When you reach the line with "Dekoracyjna zazdrostka w", transcribe it and each line after it through the last one below, exactly. Pictures stay out.

**MATERIAL PROVIDED**.
....
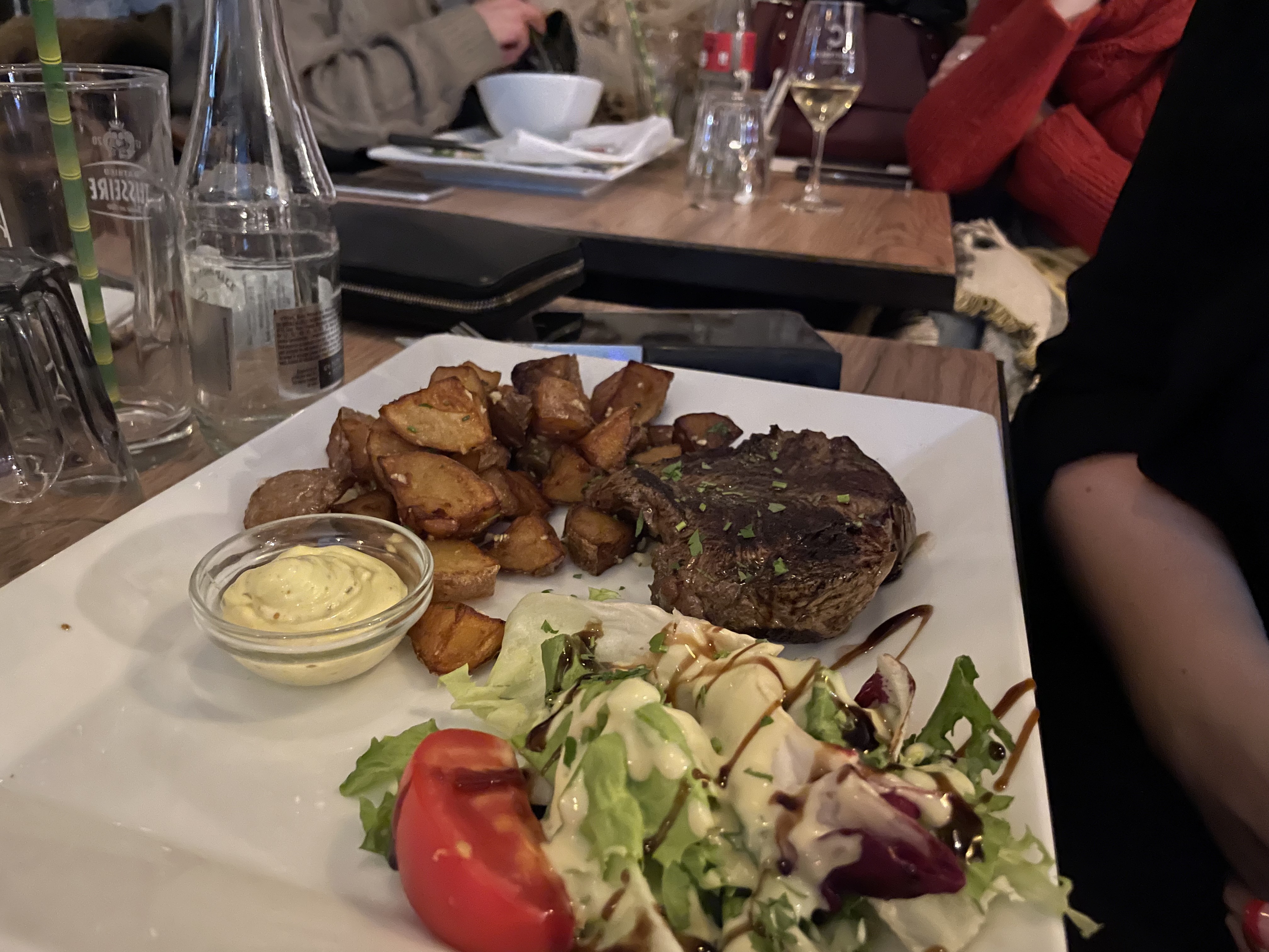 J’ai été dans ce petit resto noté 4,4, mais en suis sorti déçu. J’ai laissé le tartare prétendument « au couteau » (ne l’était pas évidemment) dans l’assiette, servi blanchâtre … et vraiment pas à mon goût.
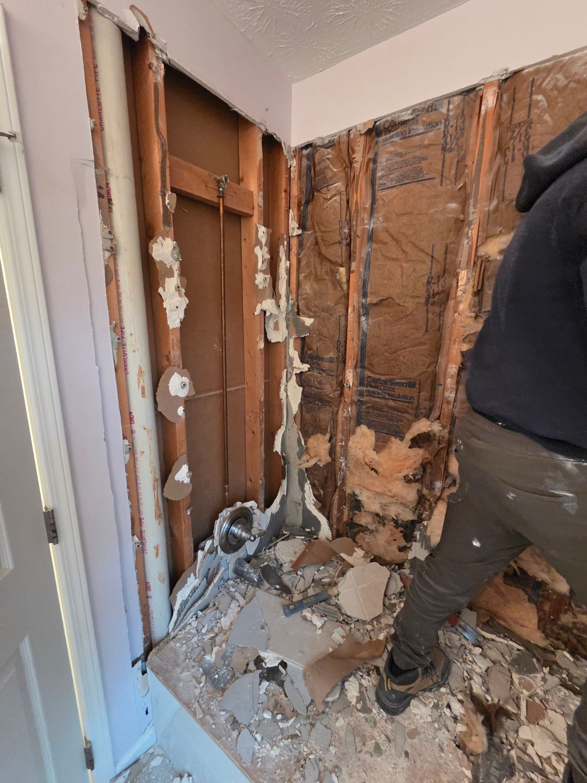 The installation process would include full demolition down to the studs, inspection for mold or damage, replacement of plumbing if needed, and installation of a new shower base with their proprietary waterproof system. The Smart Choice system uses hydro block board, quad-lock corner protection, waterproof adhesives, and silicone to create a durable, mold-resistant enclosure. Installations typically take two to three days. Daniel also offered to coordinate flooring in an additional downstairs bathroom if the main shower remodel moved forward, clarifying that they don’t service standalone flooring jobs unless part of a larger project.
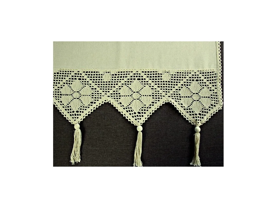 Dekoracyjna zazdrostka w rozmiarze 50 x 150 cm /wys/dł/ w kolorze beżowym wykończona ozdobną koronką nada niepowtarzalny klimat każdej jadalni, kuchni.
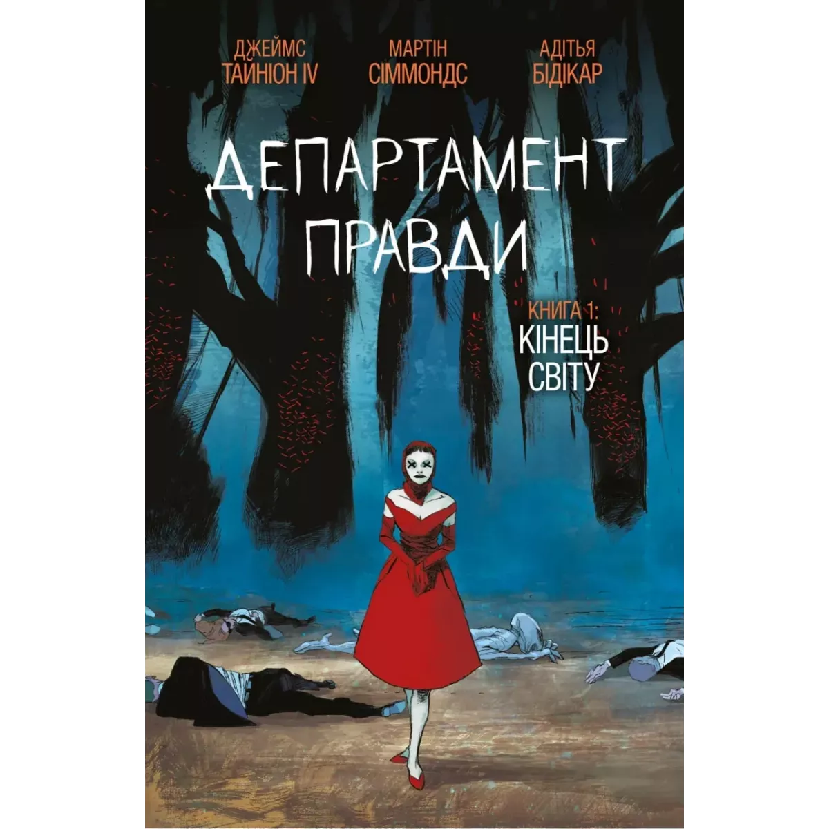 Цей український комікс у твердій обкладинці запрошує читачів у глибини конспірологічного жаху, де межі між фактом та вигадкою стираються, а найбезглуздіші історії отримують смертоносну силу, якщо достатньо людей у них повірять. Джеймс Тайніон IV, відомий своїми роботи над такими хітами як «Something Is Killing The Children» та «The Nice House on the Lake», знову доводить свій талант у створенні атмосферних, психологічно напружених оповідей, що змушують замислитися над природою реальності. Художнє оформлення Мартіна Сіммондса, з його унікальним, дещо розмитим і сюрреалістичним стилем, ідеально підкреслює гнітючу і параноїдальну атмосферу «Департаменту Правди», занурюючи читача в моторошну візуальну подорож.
....
**SOLUTION**.
 Dekoracyjna zazdrostka w rozmiarze 50 x 150 cm /wys/dł/ w kolorze beżowym wykończona ozdobną koronką nada niepowtarzalny klimat każdej jadalni, kuchni.
 Цей український комікс у твердій обкладинці запрошує читачів у глибини конспірологічного жаху, де межі між фактом та вигадкою стираються, а найбезглуздіші історії отримують смертоносну силу, якщо достатньо людей у них повірять. Джеймс Тайніон IV, відомий своїми роботи над такими хітами як «Something Is Killing The Children» та «The Nice House on the Lake», знову доводить свій талант у створенні атмосферних, психологічно напружених оповідей, що змушують замислитися над природою реальності. Художнє оформлення Мартіна Сіммондса, з його унікальним, дещо розмитим і сюрреалістичним стилем, ідеально підкреслює гнітючу і параноїдальну атмосферу «Департаменту Правди», занурюючи читача в моторошну візуальну подорож.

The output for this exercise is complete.